A violência das redes sociais é também um capítulo a parte desse fenômeno do aumento e da modificação das violências gerais e que, de alguma forma, tem se tornado presente na cultura brasileira: a intransigência no debate, o menosprezo à democracia, a falta de visão de sociedade diversa, a perseguição às minorias, ao diferente e aos setores que são vulneráveis. Onde alguém que discorda de alguém diz que o outro devia morrer. Defende olho por olho, dente por dente, enquanto reivindica o amor. Tem-se debatido abertamente na sociedade brasileira a decisão de que se torne legítimo defender uma sociedade não plural, não diversa, onde é cada um por si e onde cada um atira em quem lhe ferir qualquer direito. As novidades negativas de uma sociedade que trabalha em cima do medo, do individualismo, do preconceito e do ataque aos diferentes, vão gerando doenças e deformações que não são da nossa cultura e tradição. O que aconteceu em Suzano não é da tradição brasileira, não é comum, não é normal. Não é mais uma violência brasileira, porque sim, a sociedade brasileira é historicamente violenta e opressiva, ela tem uma história de sangue e de barbaridades, infelizmente. Mas certas modalidades de violência, como a que vimos hoje, são novidade na nossa história. Esse movimento de raiva e de ódio tem esses grandes, terríveis e assustadores momentos, mas tem também os momentos menos chocantes, mas cotidianos, de uma sociedade que vai, passo a passo, se brutalizando. A nossa construção social tem estado extremamente vulnerável a esses momentos que chocam a todos.

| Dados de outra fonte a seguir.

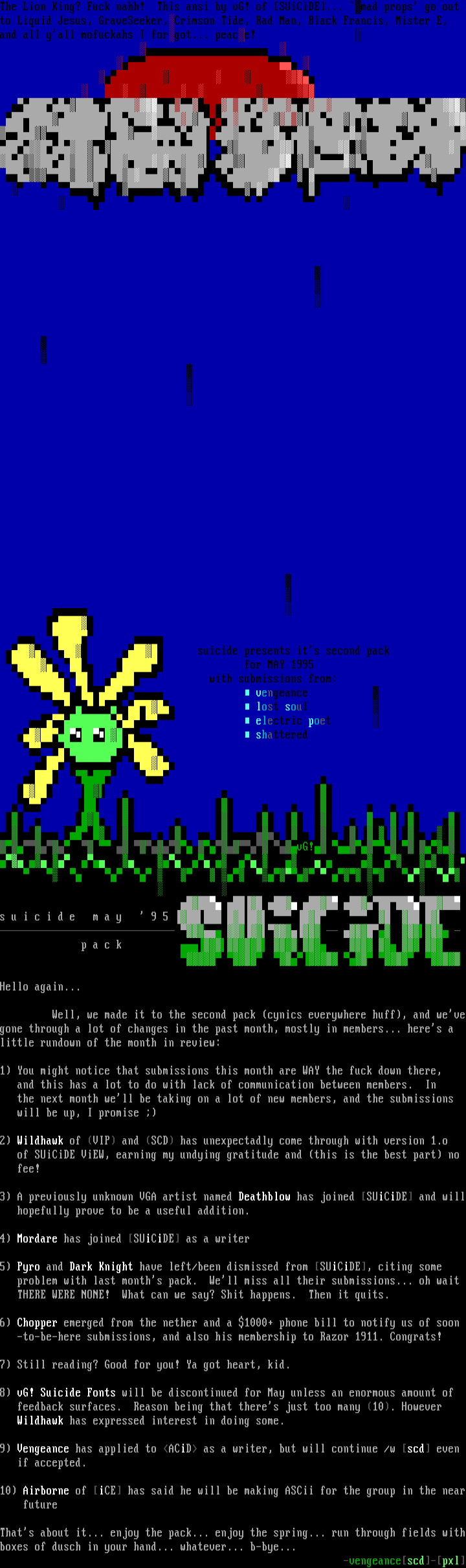 suicide presents its second pack for MAY 1995 with submissions from: vengeance lost soul electric poet shattered vG!
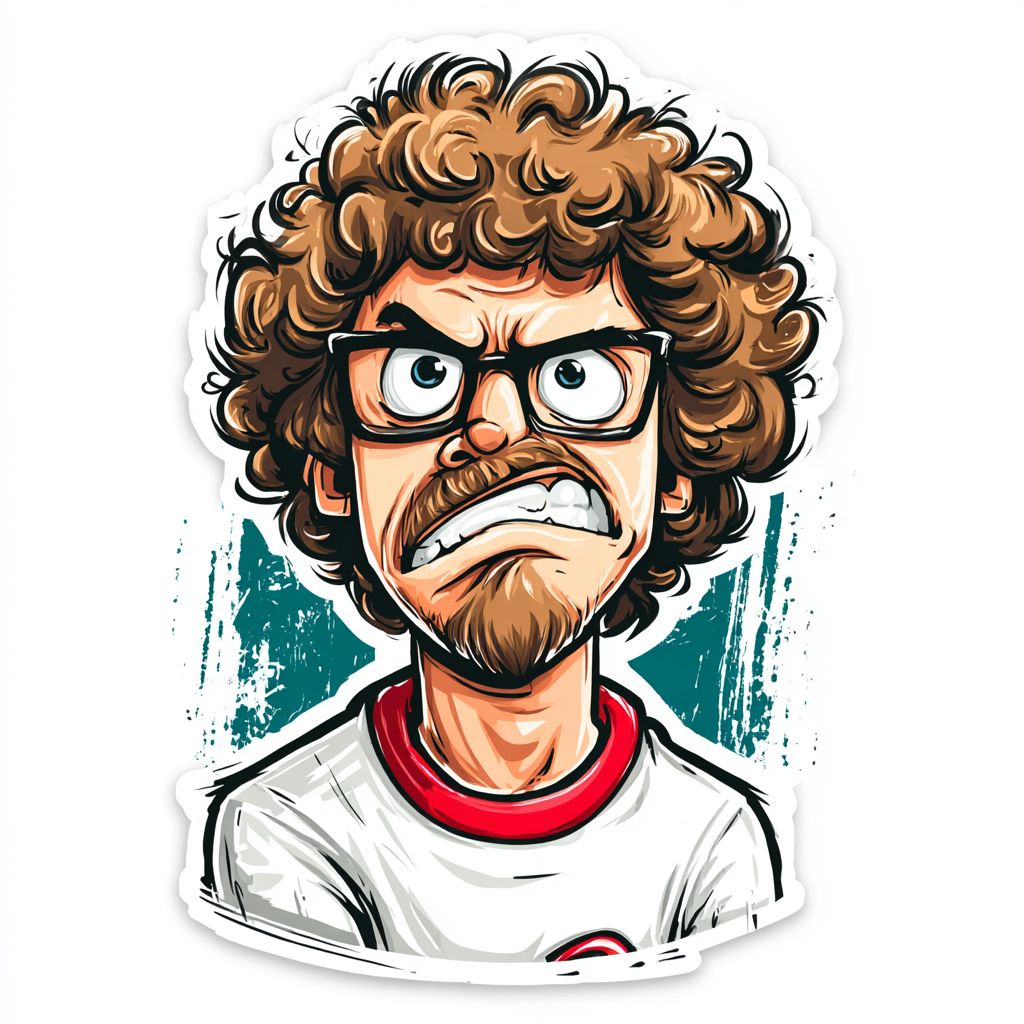 냅oleon 다이너마이트의 만화 일러스트. 그는 혐오감으로 눈을 돌리고, 빨간색 칼라가 있는 흰색 링 스타일의 티셔츠를 입고 있으며, 고립된 배경에 스티커 스타일의 윤곽선이 있습니다.
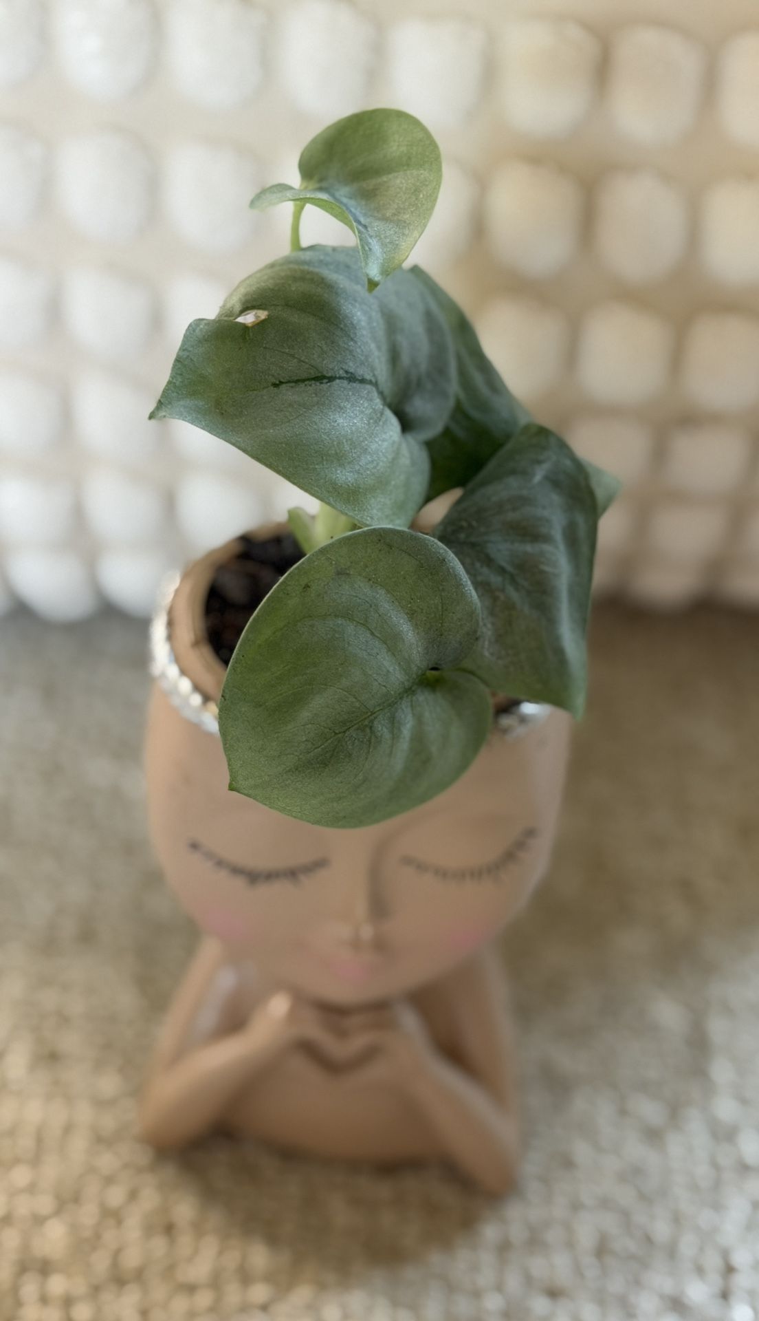 These silver Scindapus are well rooted. The resin girl planter measures about 4 inches tall. Pick up in Cerritos

Estamos vendo a construção de uma sociedade que escolhe retratar lésbicas, gays e transexuais como sendo pessoas que estão atacando os direitos das outras, ao invés de compreender que sofrem violência específica e tentar construir um cenário de solidariedade, entendimento e justiça, numa equação onde haja espaço para todas e todos, para as diversidades e para quem pretende viver de forma religiosa a sua pessoalidade e também para quem decida que é ateu, por exemplo. Que dê espaço para quem decida viver o seu amor de certa maneira, com certo tipo de família, onde todas sejam respeitadas e não caçadas e perseguidas. Uma sociedade que não ache que vai resolver os problemas colocando uma arma na cintura. Valores consagrados para a humanidade há séculos parecem agora desafiados em um retrocesso sem tamanho. Verifiquem suas consciências. O espalhamento de milhões de armas por milhões de pessoas diferentes, com cabeças diferentes, trará, de fato, mais segurança ou mais tragédias como a de Suzano? Fica a reflexão.